Personal income fell 0.1% in September, falling well short of market expectations for a 0.5% monthly gain. Income growth in August was revised down to 0.4% from an original estimate of 0.5%.
Real disposable income fell 0.3% on the month, after a 0.2% expansion in August.
Personal consumption, on the other hand, expanded by 0.2% on the month, although this was also below market consensus, which was pegged at 0.4%. In real terms, personal consumption gained 0.1%.
Analysis of consumption by component shows spending in durable goods rose by 0.8% and spending on services gained 0.06%. On the other hand, spending on non-durable goods fell by 0.2%.

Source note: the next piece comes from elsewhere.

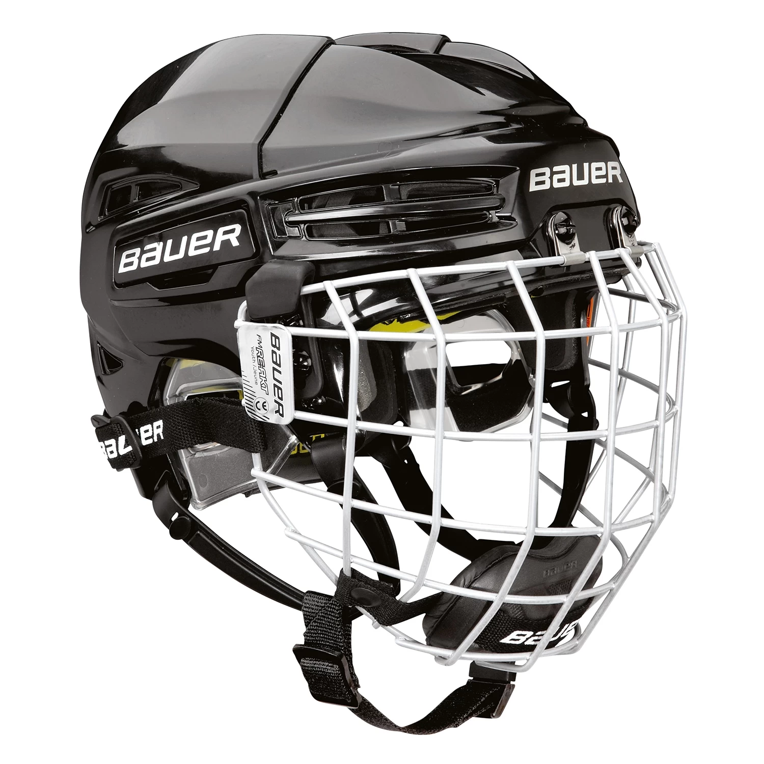 Der Bauer RE-AKT 100 Eishockeyhelm bietet hervorragenden Schutz und Komfort Kinder. Mit seinem schnell öffnenden Kinnriemen lässt er sich einfach und bequem an- und ablegen. Der Helm verfügt über ein Suspend Tech Innenfutter sowie einen dreischichtigen aufprall-absorbierenden Schaumstoff, um den Kopf des Spielers bestmöglich zu schützen. Die gefederte Polsterung am Hinterkopf sorgt für zusätzliche Stoßdämpfung und eine perfekte Passform. Die zweiteilige Helmschale garantiert eine optimale Verteilung der Aufprallenergie und maximale Sicherheit.

The personal saving rate fell to 5.3% from a downwardly revised 5.6% in August.
Inflation (as measured by the year-over-year change in the market-based personal consumption deflator) fell slightly to 1.1% in September, while the annual market-based core inflation rate came down 0.1 percentage points to 0.9%.
Key Implications
September's real personal consumption figure is aligned with the advanced GDP release published last Friday, which showed this aggregate expanded 1.9% on an annual basis during the third quarter.
Amidst very weak job creation, still tight credit conditions, and the need to reduce debt, households' consumption is set to grow at around 2.0% during the fourth quarter, and to accelerate very modestly to 2.2% annual growth by the end of next year. Given that private spending accounts for roughly 7/10 of GDP, this will translate into a contribution of roughly 1.5 percentage points to overall economic growth.
Today's report reaffirms the prospects of subpar economic growth and very low inflation expectations which will provide firm ground for more monetary stimulus to be announced by the Federal Reserve after the FOMC meeting concludes on Wednesday this week.